WHAT TO DO — From the line with "钱建江是2021年6月加入华" to the line with "街拍牛仔热裤金发洋妞性感白腿圆臀[MP4/145M]", retype each line exactly as it stands in the records below, but skip the pictures.

DATA PROVIDED —
*** Block opens ***

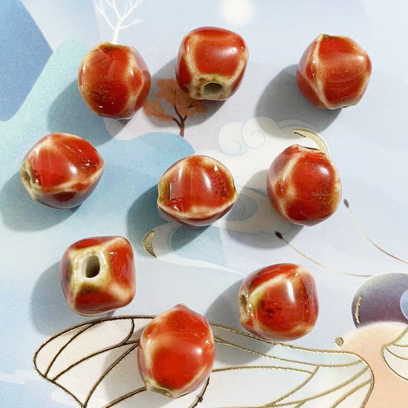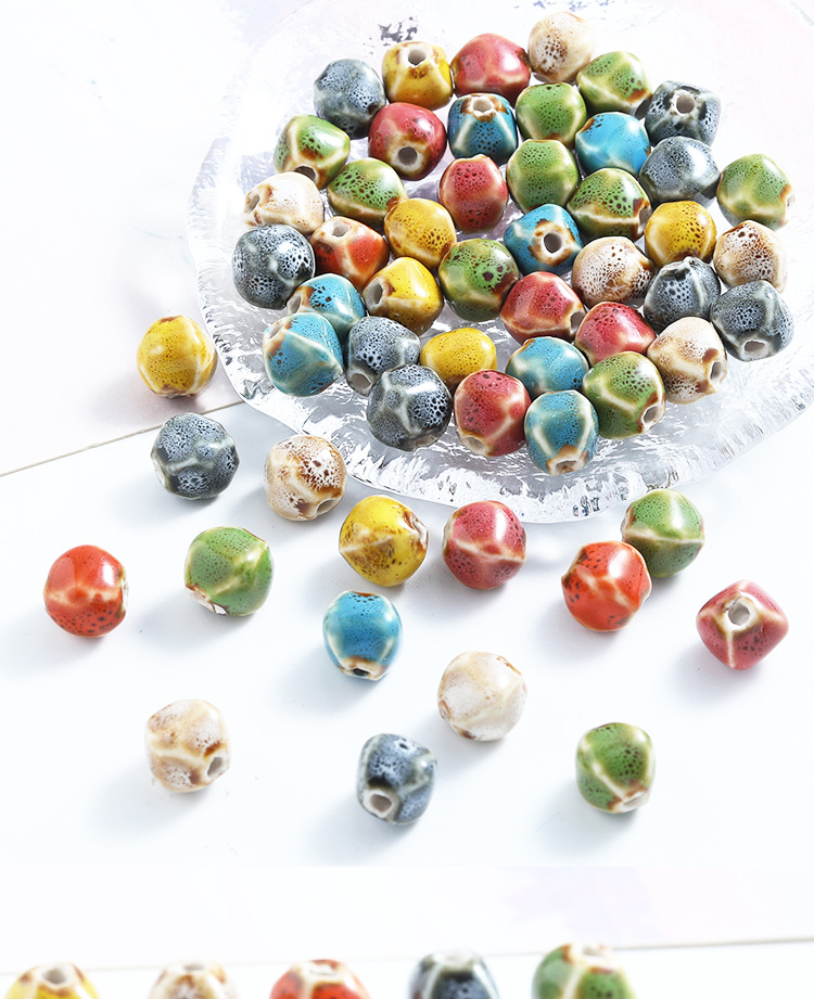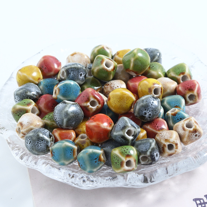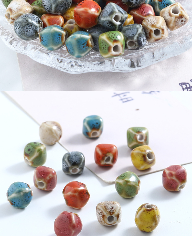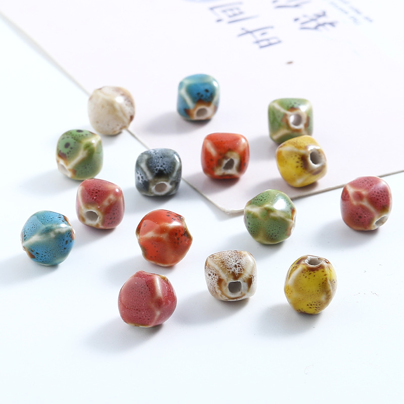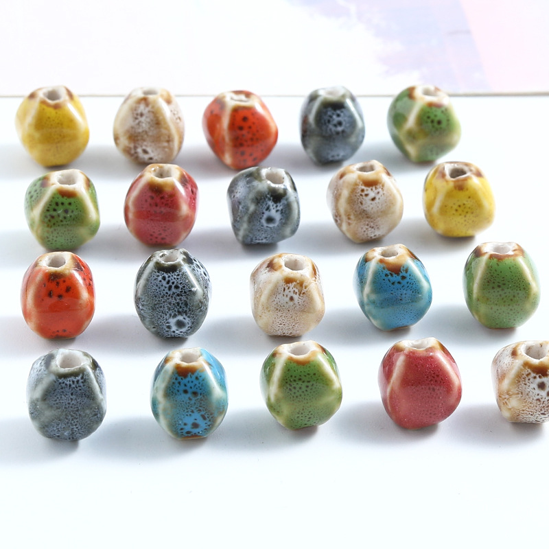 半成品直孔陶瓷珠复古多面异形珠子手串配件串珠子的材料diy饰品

*** Block closes ***
*** Block opens ***

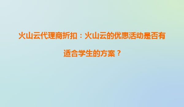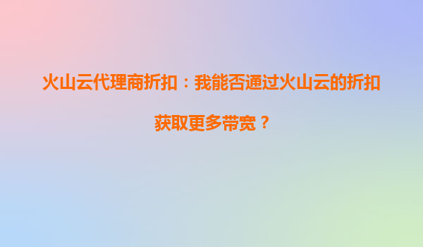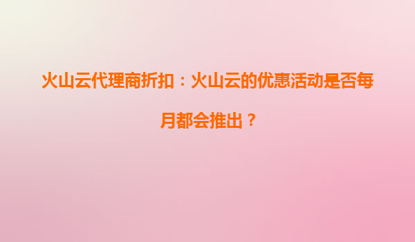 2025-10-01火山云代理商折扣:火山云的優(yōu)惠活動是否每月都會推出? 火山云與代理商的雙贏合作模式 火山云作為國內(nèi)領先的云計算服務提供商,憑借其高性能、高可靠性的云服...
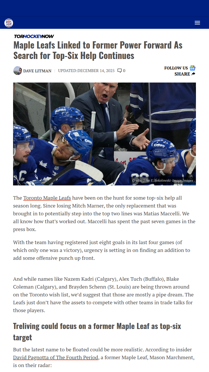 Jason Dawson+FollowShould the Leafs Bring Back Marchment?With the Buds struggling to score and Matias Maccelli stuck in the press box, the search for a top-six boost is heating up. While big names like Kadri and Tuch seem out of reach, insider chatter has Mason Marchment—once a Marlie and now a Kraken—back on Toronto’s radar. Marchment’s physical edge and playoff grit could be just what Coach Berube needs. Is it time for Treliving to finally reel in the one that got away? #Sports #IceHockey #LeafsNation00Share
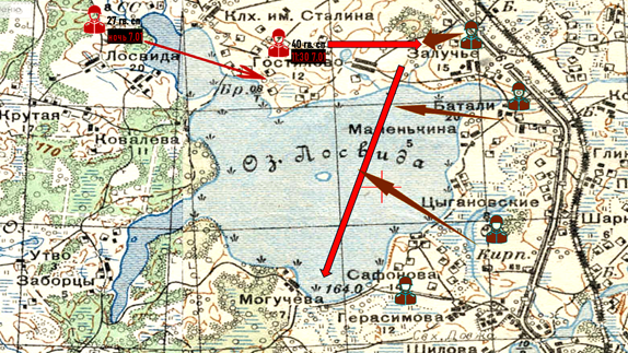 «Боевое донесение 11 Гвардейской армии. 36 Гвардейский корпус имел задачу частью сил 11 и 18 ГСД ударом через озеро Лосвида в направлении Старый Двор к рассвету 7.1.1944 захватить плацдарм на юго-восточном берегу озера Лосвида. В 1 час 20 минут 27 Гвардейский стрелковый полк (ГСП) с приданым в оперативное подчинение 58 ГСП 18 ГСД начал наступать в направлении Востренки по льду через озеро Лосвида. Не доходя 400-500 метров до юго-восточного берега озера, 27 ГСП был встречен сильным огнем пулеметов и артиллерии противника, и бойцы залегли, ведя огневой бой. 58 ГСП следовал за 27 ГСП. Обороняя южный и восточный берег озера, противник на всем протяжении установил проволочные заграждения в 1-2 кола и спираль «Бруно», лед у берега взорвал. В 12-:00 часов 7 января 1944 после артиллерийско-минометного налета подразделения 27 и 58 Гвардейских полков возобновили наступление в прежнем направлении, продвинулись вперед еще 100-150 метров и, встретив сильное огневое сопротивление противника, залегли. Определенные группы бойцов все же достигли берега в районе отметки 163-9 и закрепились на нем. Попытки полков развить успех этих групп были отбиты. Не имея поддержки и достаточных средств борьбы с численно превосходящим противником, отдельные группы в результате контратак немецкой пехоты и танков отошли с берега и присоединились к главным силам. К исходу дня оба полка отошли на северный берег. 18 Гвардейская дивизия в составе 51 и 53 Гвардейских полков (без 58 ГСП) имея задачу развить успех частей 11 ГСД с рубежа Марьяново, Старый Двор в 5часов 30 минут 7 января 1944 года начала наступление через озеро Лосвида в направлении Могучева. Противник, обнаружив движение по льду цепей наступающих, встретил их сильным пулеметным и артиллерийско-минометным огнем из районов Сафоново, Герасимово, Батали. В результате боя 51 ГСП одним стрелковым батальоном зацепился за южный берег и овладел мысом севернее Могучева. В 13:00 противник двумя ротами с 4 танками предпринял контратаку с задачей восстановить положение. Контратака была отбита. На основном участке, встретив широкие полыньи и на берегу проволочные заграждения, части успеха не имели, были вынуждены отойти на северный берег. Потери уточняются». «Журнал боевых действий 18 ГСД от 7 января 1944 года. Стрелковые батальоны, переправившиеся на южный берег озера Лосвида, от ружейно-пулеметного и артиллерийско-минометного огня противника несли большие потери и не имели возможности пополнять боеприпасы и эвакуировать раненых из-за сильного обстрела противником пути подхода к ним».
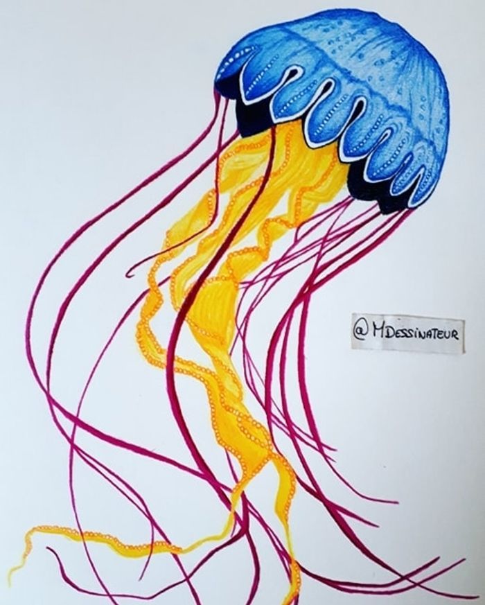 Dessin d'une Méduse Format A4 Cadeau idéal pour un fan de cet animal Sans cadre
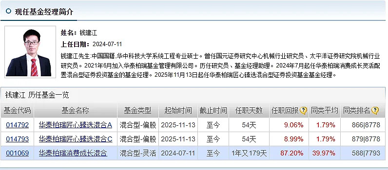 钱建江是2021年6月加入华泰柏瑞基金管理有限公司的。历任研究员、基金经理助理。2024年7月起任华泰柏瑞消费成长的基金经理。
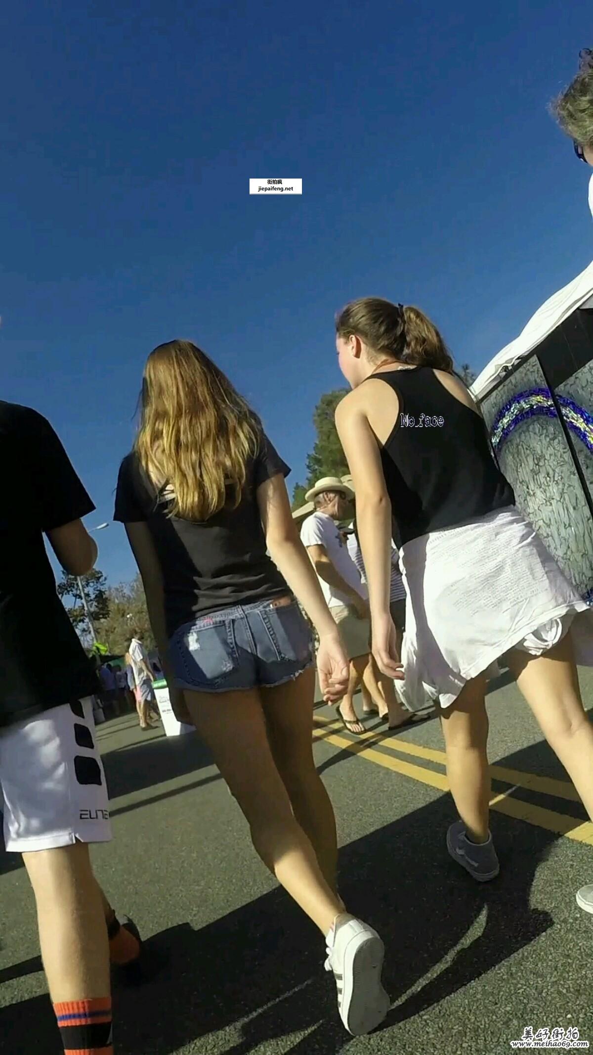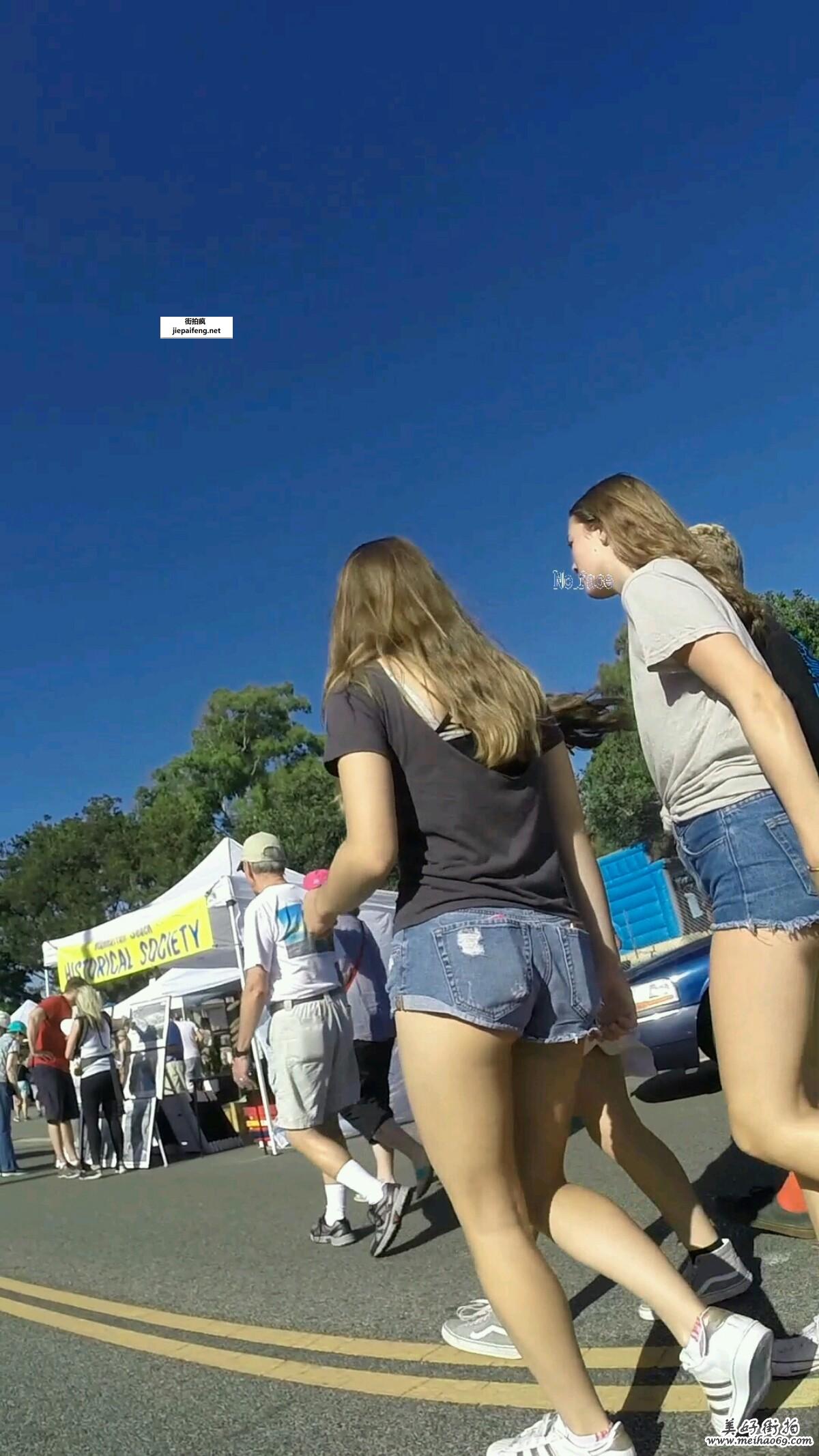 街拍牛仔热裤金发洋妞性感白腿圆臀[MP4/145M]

*** Block closes ***
*** Block opens ***

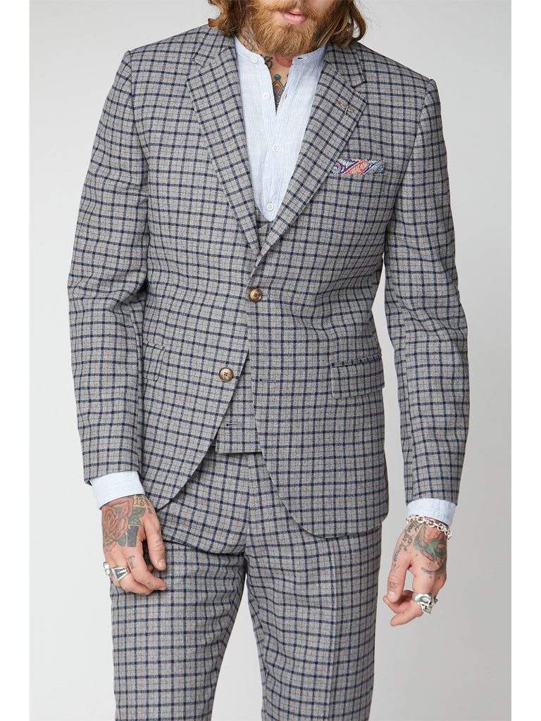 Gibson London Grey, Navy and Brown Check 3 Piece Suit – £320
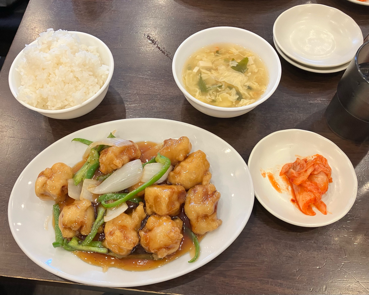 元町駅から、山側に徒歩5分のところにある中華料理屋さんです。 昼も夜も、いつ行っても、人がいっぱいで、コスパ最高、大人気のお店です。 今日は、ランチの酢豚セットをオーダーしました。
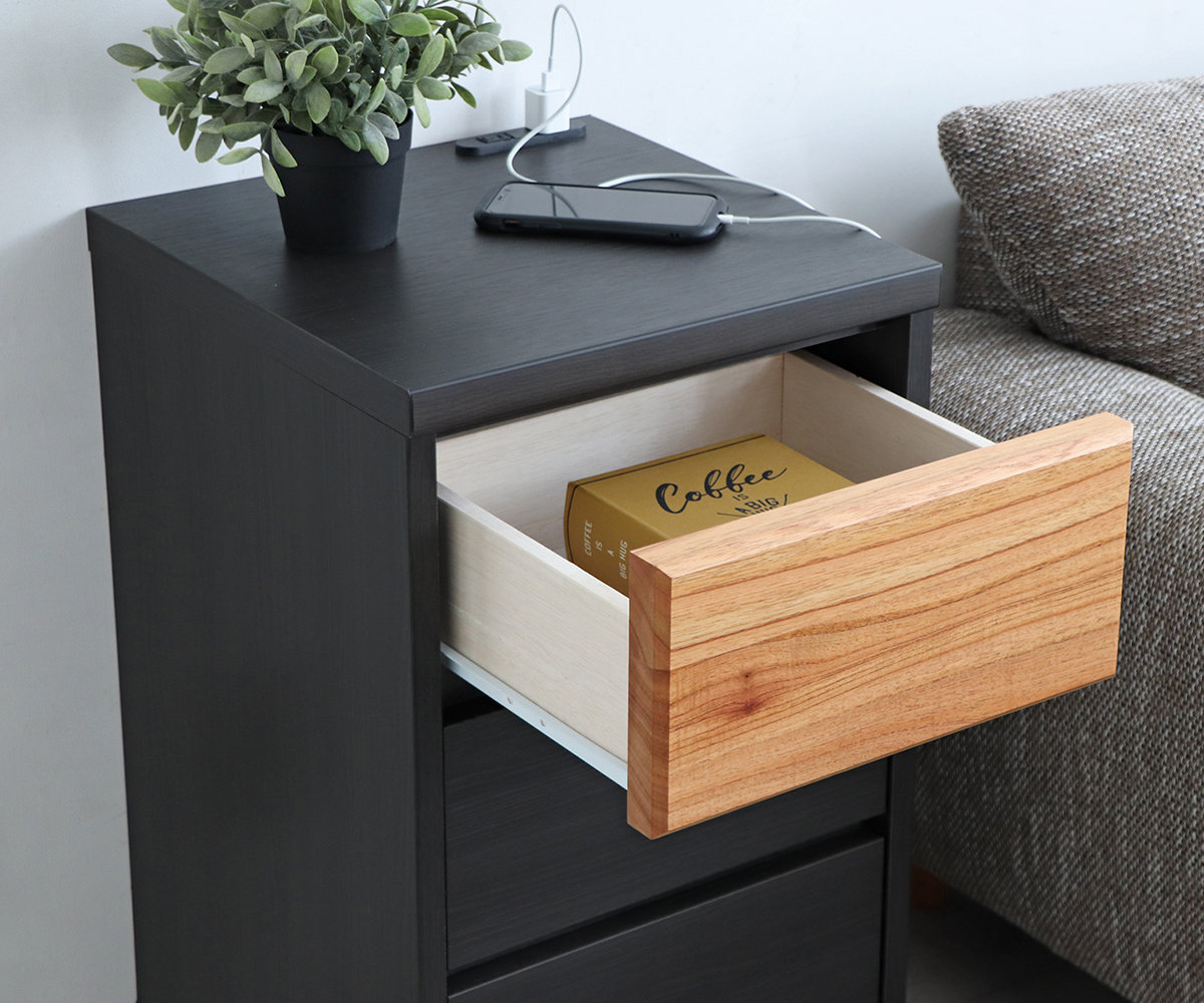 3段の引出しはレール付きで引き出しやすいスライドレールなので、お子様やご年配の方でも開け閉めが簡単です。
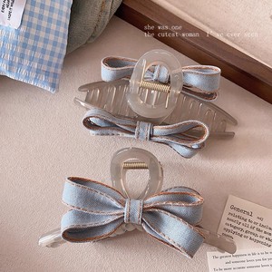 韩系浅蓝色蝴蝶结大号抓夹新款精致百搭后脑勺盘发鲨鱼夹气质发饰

*** Block closes ***

ANSWER BOX —
 钱建江是2021年6月加入华泰柏瑞基金管理有限公司的。历任研究员、基金经理助理。2024年7月起任华泰柏瑞消费成长的基金经理。
 街拍牛仔热裤金发洋妞性感白腿圆臀[MP4/145M]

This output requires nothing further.